May i know the general procedures for evaluating the following line,surface and volume for the following:

(1) triple integrate vector A.dV
(2) Double integrate vector A.n.dS
(3) integrate vector A.dr

 

[HallsofIvy]

Whole books are written on this!

Also, I don't know what you mean by "A.dV" dV is a scalar quantity, not a vector so you cannot take the dot product of a vector, A, with it.

If you are given a surface, S, you can always write it in terms of parametric equations, in terms of two parameters, say u and v: x(u,v), y(u,v), z(u,v).
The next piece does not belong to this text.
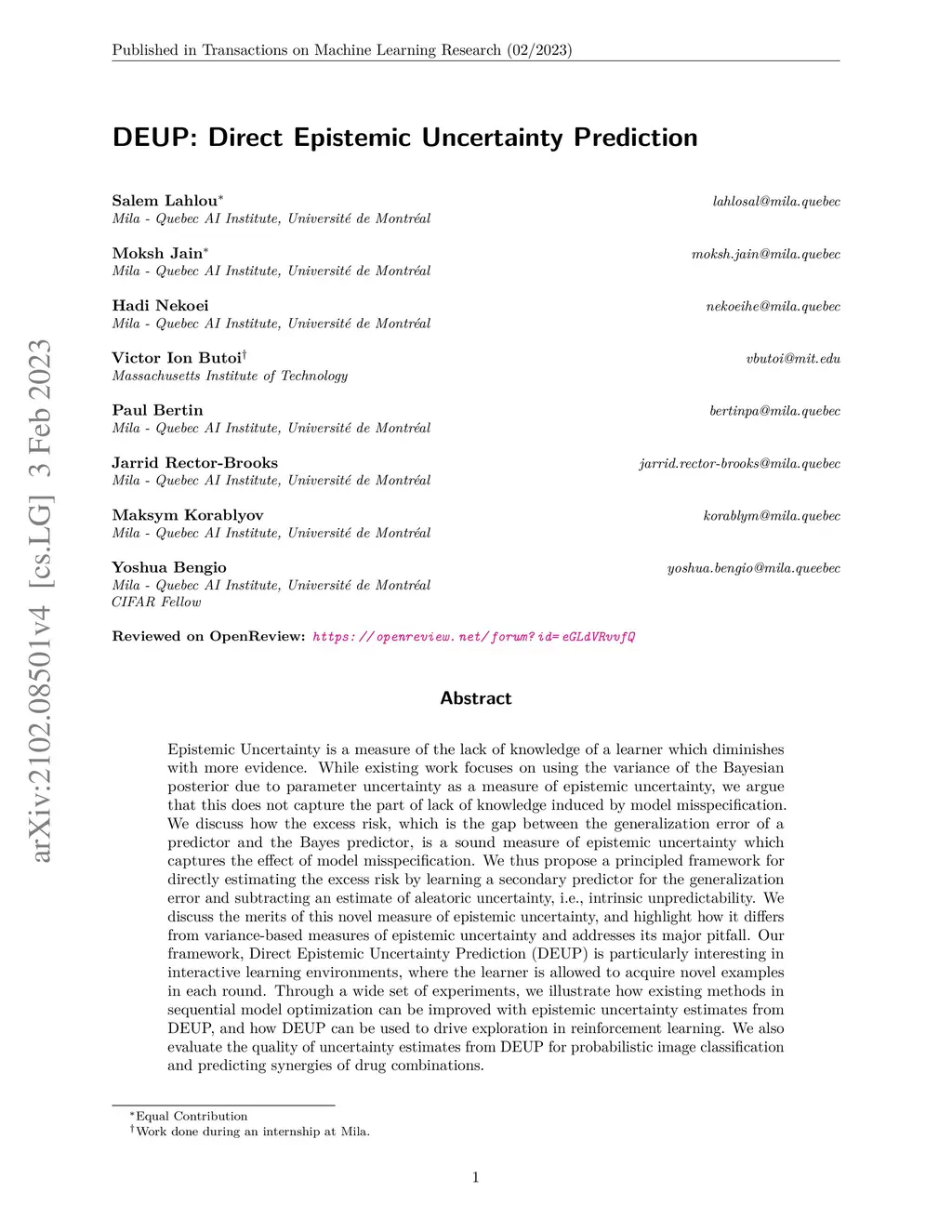 Epistemic Uncertainty is a measure of the lack of knowledge of a learner which diminishes with more evidence. While existing work focuses on using the variance of the Bayesian posterior due to parameter uncertainty as a measure of epistemic uncertainty, we argue that this does not capture the part of lack of knowledge induced by model misspecification. We discuss how the excess risk, which is the gap between the generalization error of a predictor and the Bayes predictor, is a sound measure of epistemic uncertainty which captures the effect of model misspecification. We thus propose a principled framework for directly estimating the excess risk by learning a secondary predictor for the generalization error and subtracting an estimate of aleatoric uncertainty, i.e., intrinsic unpredictability. We discuss the merits of this novel measure of epistemic uncertainty, and highlight how it differs from variance-based measures of epistemic uncertainty and addresses its major pitfall. Our framework, Direct Epistemic Uncertainty Prediction (DEUP) is particularly interesting in interactive learning environments, where the learner is allowed to acquire novel examples in each round. Through a wide set of experiments, we illustrate how existing methods in sequential model optimization can be improved with epistemic uncertainty estimates from DEUP, and how DEUP can be used to drive exploration in reinforcement learning. We also evaluate the quality of uncertainty estimates from DEUP for probabilistic image classification and predicting synergies of drug combinations.
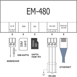 EM-480 забезпечує збір даних з підключених пристроїв MODBUS, передачу даних на сервер, доступ до даних (за протоколом MODBUS TCP або за допомогою текстових повідомлень SMS), відстеження подій і реакцію на події (відправлення SMS-сповіщень, запис значень у пристрої MODBUS).

You can then write it as a vector equation in an obvious way: $\vec{r}(u,v)= x(u,v)\vec{i}+ y(u,v)\vec{j}+ z(u,v)\vec{k}$. The "fundamental vector product" is the cross product of the two partial derivatives: $\vec{r}_u\times\vec{r}_v$ and the "vector differential of surface area" is $\vec{r}_u\times\vec{r}_v dudv$. Of course, that points in opposite directions depending on the order of multiplication: that's because you need to determine an orientation of the surface.

For a path, which depends on one parameter, say t, $\vec{r}= x(t)\vec{i}+ y(t)\vec{j}+ z(t)\vec{k}$, we have $d\vec{r}= x'\vec{i}dx+ y'\vec{j}dy+ z'\vec{k}dz$. A.dr is the dot product of A with that.